Please produce a character-exact copy of the listing that follows, omitting all images.
****************
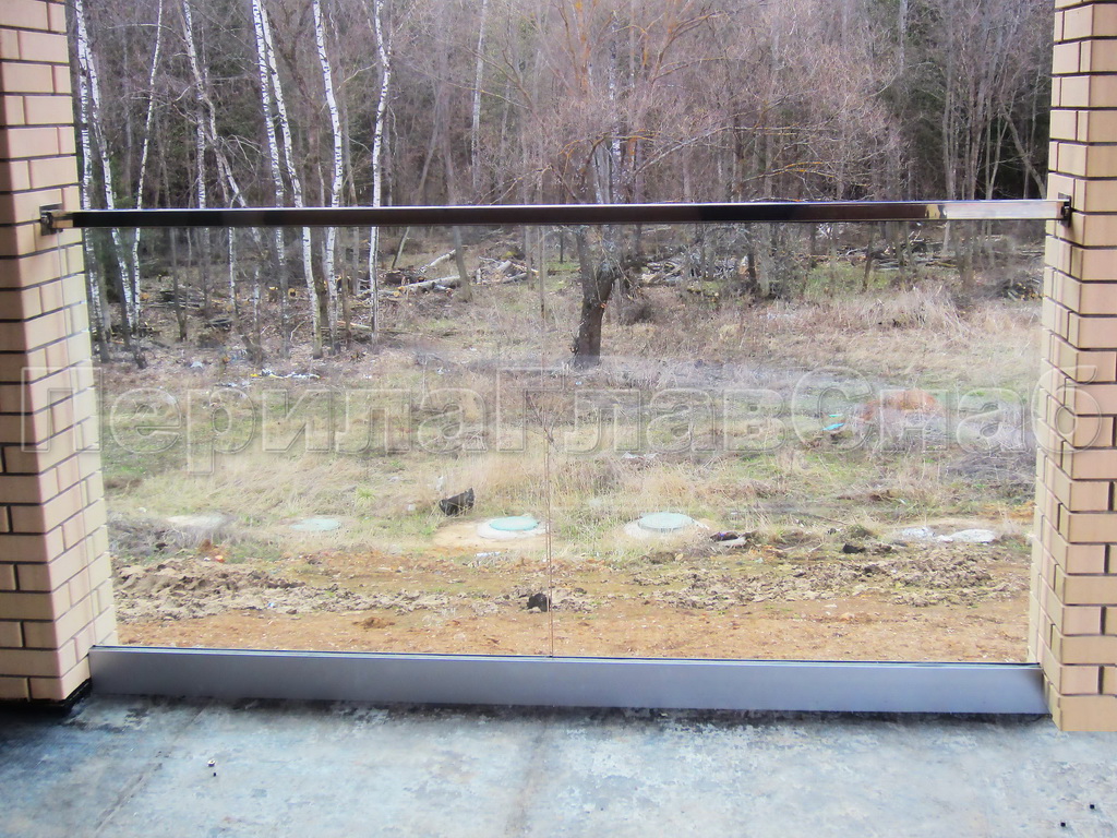 Стеклянное ограждение для балкона без стоек. Крепление на точках. Поручень - труба с пазом.
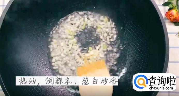 锅里热好油,倒入蒜末和葱白炒香。
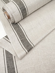 Льняной жаккард "Черная полоска" цв.натуральный, ш.1.5м, лен-100%, 170гр/м.кв
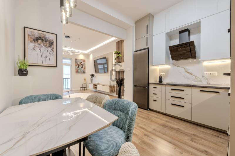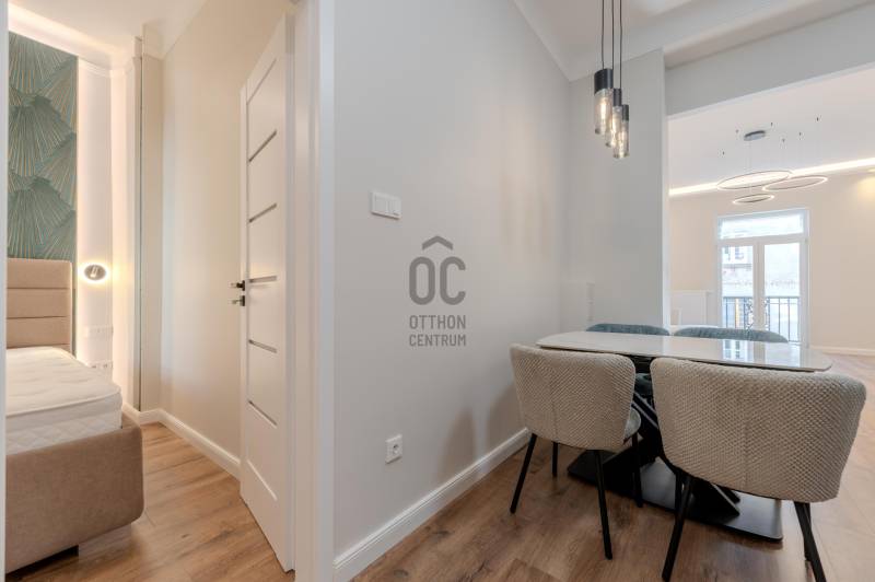 Újlipótvárosi Ékszerdoboz: Luxus Kényelem, Berendezve, Kiváló Lokációban – 129,9 M FtLokáció: Budapest XIII. kerület, Újlipótváros, Tátra utca, Méret: 55 m² Szobák: 2, 3.em (amerikai konyhás nappali + hálószoba) Ár: 129,9 M FtKöltözzön Be Azonnal! (Rövid Összefoglaló és Kiemelt Előnyök)Ne keressen tovább! Ez az 54 nm-es, 2 szobás lakás Újlipótváros szívében, a Tátra utcában a prémium minőséget és a kényelmet jelenti. A frissen, magas minőségben felújított és berendezett ingatlan ideális választás mindazoknak, akik azonnal élvezni szeretnék a modern belvárosi életérzést, vagy egy értékálló, könnyen kiadható befektetést keresnek. A tágas terek, a nagy belmagasság és az okos funkciók teszik ezt a lakást valódi otthonná.A Helyszín: Újlipótváros – A Stílusos BelvárosBudapest XIII. kerületének ezen része a legfelkapottabb és legkedveltebb környékek közé tartozik. Újlipótváros a polgári elegancia és a modern, pezsgő életstílus tökéletes egyensúlyát kínálja. A Tátra utca csendesebb, de frekventált elhelyezkedése biztosítja, hogy minden szolgáltatás karnyújtásnyira legyen.Infrastruktúra és Közlekedés:Kiváló ellátottság: Számos kiváló étterem, hangulatos kávézó, minőségi bolt és szolgáltatás érhető el sétatávolságra.Tökéletes közlekedési csomópontok közelsége: A nagyszerű tömegközlekedési kapcsolatok (villamos, busz, metró) révén a város bármely pontja gyorsan elérhető, ami az aktív életet élők és a bérlők számára is kiemelkedő előny.A Lakás: Tágas, Stílusos és FunkcionálisA lakás teljes felújítása során a funkcionalitás és a modern minimalista design volt a fő szempont.Tágas és Világos Terek: A 55 nm-en két külön szoba (amerikai konyhás nappali + hálószoba) kapott helyet. A nagy belmagasság és a gondos tervezés optikailag tovább növeli a terek érzetét. A lakás mellett egy másik külön bejáratú és külön hrsz-n lévő 25m2 felújított lakás is elérhető 67M áron, amennyiben valaki két lakást keres egymás mellett vagy szeretne összenyitni és egy 80m2-s 3 szobás lakást szeretne, akkor meg van a lehetőség rá! Bővebb információk személyesen!Prémium Kialakítás: Az amerikai konyhás nappali a modern életérzést tükrözi prémium kivitelezéssel és eleganciával.Beépített Kényelem: A vételár tartalmazza a beépített szekrényeket és bútorokat, és a teljes berendezést!Korszerű Megoldások: Az integrált motoros redőnyök és szúnyoghálók, a biztonsági ajtó és riasztórendszer gondoskodnak a nyugalomról és a kényelemről.Kedvező Fenntartás: A távfűtés egyedi méréssel rendkívül gazdaságos fenntartási költségeket tesz lehetővé.Pénzügyi Rugalmasság: A vételár a berendezéseket és beépített szekrényeket tartalmazza!Ne Hagyja Ki a Lehetőséget!Ez a lakás tökéletes megoldás azoknak, akik kompromisszumok nélkül akarnak belvárosi luxust vásárolni, vagy kiváló ár-érték arányú befektetést keresnek egy mindig felkapott kerületben. Az akadálymentesített bejárat további értéket képvisel.Ragadja meg ezt a ritka alkalmat! Kérem hívjon még ma, hogy ne maradjon le erről a kész otthonról! Várjuk hívását egy személyes megtekintés egyeztetésére!
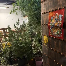 很有格調,房間內還放置書籍,種有綠植,榻榻米床,很舒適;被罩衞生還有待於改進。適逢倒春寒,房間頂棚過高,配有空調,但不太熱。
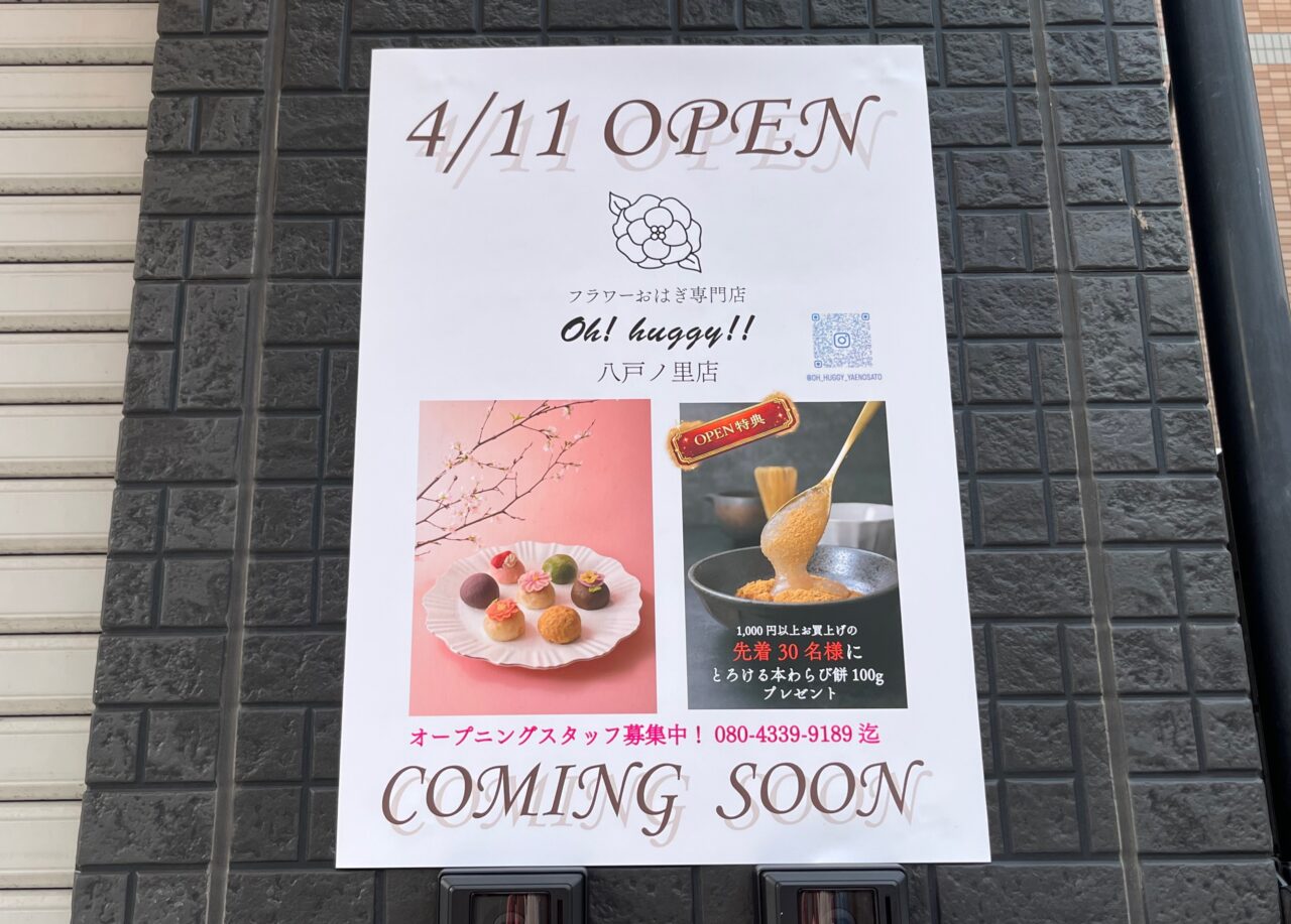『フラワーおはぎ専門店 oh!huggy!! 八戸ノ里店』のオープン日は、2026年4月11日(土)。
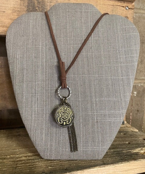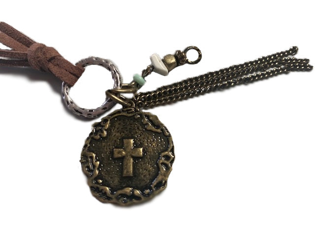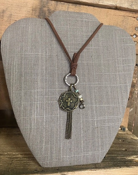 This knotted necklace set by M & F Western Products is very hot! There is a faux leather strap that knots in the front connecting the cross concho pendant. Matching earrings to compliment the necklace are included.
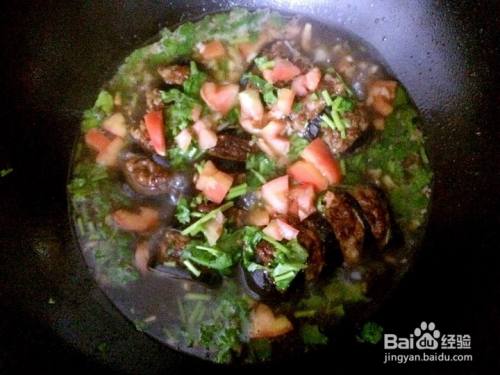 锅中剩底油,放入葱姜蒜爆香,再放入蚝油、味精等调料,然后将备好的茄子放入锅中。加适量的水将茄子煮熟,在大火收汁的时候,再放入西红柿丁和香菜。
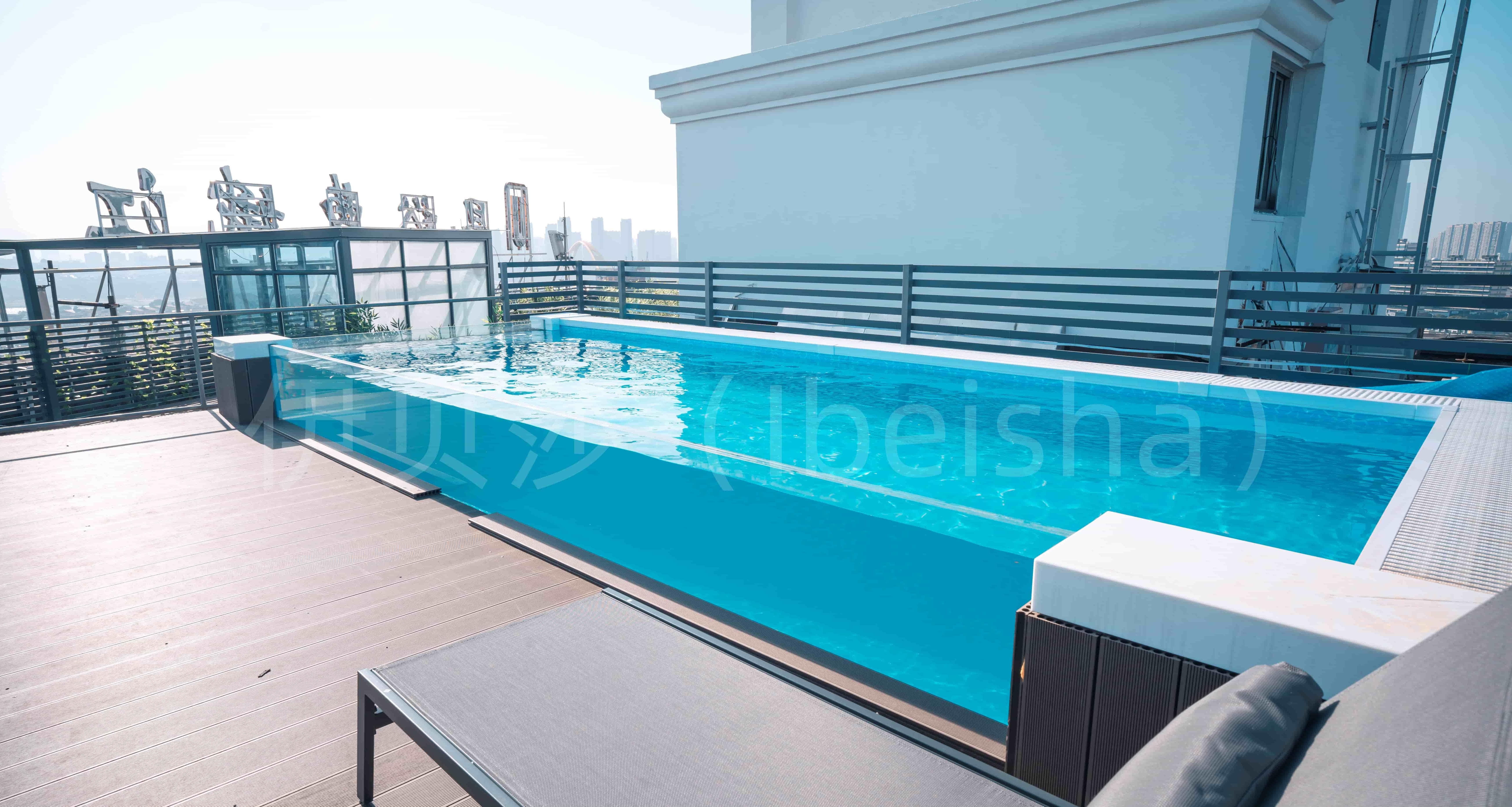 在高端泳池的打造中,水质澄澈与防渗稳固是两大核心要义,直接决定着使用体验与产品耐用性。伊贝莎深耕泳池技术研发,以创新净水工艺与硬核防渗科技为双核心,针对无边透明钢化玻璃泳池的产品特性量身打造技术体系,破解传统泳池水质易恶化、易渗漏的行业痛点,让通透美学与实用性能完美融合,为别墅、商业空间等多元场景带来兼具品质与安心的亲水解决方案。 伊贝莎的净水工艺,以深度净化与智能循环为核心,打造出接近饮用水级的纯净水质。摒弃传统泳池粗放的换水投药模式,伊贝莎采用硅藻土精滤系统构建全方位净水矩阵,依托硅藻土亿万年前形成的蜂窝状多孔结构,打造出精密滤饼层,可实现1-3微米的微米级过滤,远超人类肉眼40微米的识别极限,能高效截留水中悬浮物、微生物甚至隐孢子虫等顽固病原体,净化去除率超99.5%。同时,硅藻土表面的微弱电荷可精准吸附水体中的色素、异味与有机物,实现净化与除味的双重功效。配合全池无死角环流设计与无边溢水工艺,池水以池体周长为吸污口,每1.5小时即可完成全域水循环,彻底消除死水区,从根源避免藻类滋生。更搭载24小时智能监测系统,实时追踪pH值、浊度等关键水质参数,自动调节水循环速率与消毒剂量,搭配低能耗紫外线杀菌技术,无化学药剂残留,大幅减少氯味刺激,让水质长效澄澈,无需频繁换水即可保持稳定状态。
****************
*Written response:*
 Стеклянное ограждение для балкона без стоек. Крепление на точках. Поручень - труба с пазом.
 锅里热好油,倒入蒜末和葱白炒香。
 Льняной жаккард "Черная полоска" цв.натуральный, ш.1.5м, лен-100%, 170гр/м.кв
 Újlipótvárosi Ékszerdoboz: Luxus Kényelem, Berendezve, Kiváló Lokációban – 129,9 M FtLokáció: Budapest XIII. kerület, Újlipótváros, Tátra utca, Méret: 55 m² Szobák: 2, 3.em (amerikai konyhás nappali + hálószoba) Ár: 129,9 M FtKöltözzön Be Azonnal! (Rövid Összefoglaló és Kiemelt Előnyök)Ne keressen tovább! Ez az 54 nm-es, 2 szobás lakás Újlipótváros szívében, a Tátra utcában a prémium minőséget és a kényelmet jelenti. A frissen, magas minőségben felújított és berendezett ingatlan ideális választás mindazoknak, akik azonnal élvezni szeretnék a modern belvárosi életérzést, vagy egy értékálló, könnyen kiadható befektetést keresnek. A tágas terek, a nagy belmagasság és az okos funkciók teszik ezt a lakást valódi otthonná.A Helyszín: Újlipótváros – A Stílusos BelvárosBudapest XIII. kerületének ezen része a legfelkapottabb és legkedveltebb környékek közé tartozik. Újlipótváros a polgári elegancia és a modern, pezsgő életstílus tökéletes egyensúlyát kínálja. A Tátra utca csendesebb, de frekventált elhelyezkedése biztosítja, hogy minden szolgáltatás karnyújtásnyira legyen.Infrastruktúra és Közlekedés:Kiváló ellátottság: Számos kiváló étterem, hangulatos kávézó, minőségi bolt és szolgáltatás érhető el sétatávolságra.Tökéletes közlekedési csomópontok közelsége: A nagyszerű tömegközlekedési kapcsolatok (villamos, busz, metró) révén a város bármely pontja gyorsan elérhető, ami az aktív életet élők és a bérlők számára is kiemelkedő előny.A Lakás: Tágas, Stílusos és FunkcionálisA lakás teljes felújítása során a funkcionalitás és a modern minimalista design volt a fő szempont.Tágas és Világos Terek: A 55 nm-en két külön szoba (amerikai konyhás nappali + hálószoba) kapott helyet. A nagy belmagasság és a gondos tervezés optikailag tovább növeli a terek érzetét. A lakás mellett egy másik külön bejáratú és külön hrsz-n lévő 25m2 felújított lakás is elérhető 67M áron, amennyiben valaki két lakást keres egymás mellett vagy szeretne összenyitni és egy 80m2-s 3 szobás lakást szeretne, akkor meg van a lehetőség rá! Bővebb információk személyesen!Prémium Kialakítás: Az amerikai konyhás nappali a modern életérzést tükrözi prémium kivitelezéssel és eleganciával.Beépített Kényelem: A vételár tartalmazza a beépített szekrényeket és bútorokat, és a teljes berendezést!Korszerű Megoldások: Az integrált motoros redőnyök és szúnyoghálók, a biztonsági ajtó és riasztórendszer gondoskodnak a nyugalomról és a kényelemről.Kedvező Fenntartás: A távfűtés egyedi méréssel rendkívül gazdaságos fenntartási költségeket tesz lehetővé.Pénzügyi Rugalmasság: A vételár a berendezéseket és beépített szekrényeket tartalmazza!Ne Hagyja Ki a Lehetőséget!Ez a lakás tökéletes megoldás azoknak, akik kompromisszumok nélkül akarnak belvárosi luxust vásárolni, vagy kiváló ár-érték arányú befektetést keresnek egy mindig felkapott kerületben. Az akadálymentesített bejárat további értéket képvisel.Ragadja meg ezt a ritka alkalmat! Kérem hívjon még ma, hogy ne maradjon le erről a kész otthonról! Várjuk hívását egy személyes megtekintés egyeztetésére!
 很有格調,房間內還放置書籍,種有綠植,榻榻米床,很舒適;被罩衞生還有待於改進。適逢倒春寒,房間頂棚過高,配有空調,但不太熱。
『フラワーおはぎ専門店 oh!huggy!! 八戸ノ里店』のオープン日は、2026年4月11日(土)。
 This knotted necklace set by M & F Western Products is very hot! There is a faux leather strap that knots in the front connecting the cross concho pendant. Matching earrings to compliment the necklace are included.
 锅中剩底油,放入葱姜蒜爆香,再放入蚝油、味精等调料,然后将备好的茄子放入锅中。加适量的水将茄子煮熟,在大火收汁的时候,再放入西红柿丁和香菜。
 在高端泳池的打造中,水质澄澈与防渗稳固是两大核心要义,直接决定着使用体验与产品耐用性。伊贝莎深耕泳池技术研发,以创新净水工艺与硬核防渗科技为双核心,针对无边透明钢化玻璃泳池的产品特性量身打造技术体系,破解传统泳池水质易恶化、易渗漏的行业痛点,让通透美学与实用性能完美融合,为别墅、商业空间等多元场景带来兼具品质与安心的亲水解决方案。 伊贝莎的净水工艺,以深度净化与智能循环为核心,打造出接近饮用水级的纯净水质。摒弃传统泳池粗放的换水投药模式,伊贝莎采用硅藻土精滤系统构建全方位净水矩阵,依托硅藻土亿万年前形成的蜂窝状多孔结构,打造出精密滤饼层,可实现1-3微米的微米级过滤,远超人类肉眼40微米的识别极限,能高效截留水中悬浮物、微生物甚至隐孢子虫等顽固病原体,净化去除率超99.5%。同时,硅藻土表面的微弱电荷可精准吸附水体中的色素、异味与有机物,实现净化与除味的双重功效。配合全池无死角环流设计与无边溢水工艺,池水以池体周长为吸污口,每1.5小时即可完成全域水循环,彻底消除死水区,从根源避免藻类滋生。更搭载24小时智能监测系统,实时追踪pH值、浊度等关键水质参数,自动调节水循环速率与消毒剂量,搭配低能耗紫外线杀菌技术,无化学药剂残留,大幅减少氯味刺激,让水质长效澄澈,无需频繁换水即可保持稳定状态。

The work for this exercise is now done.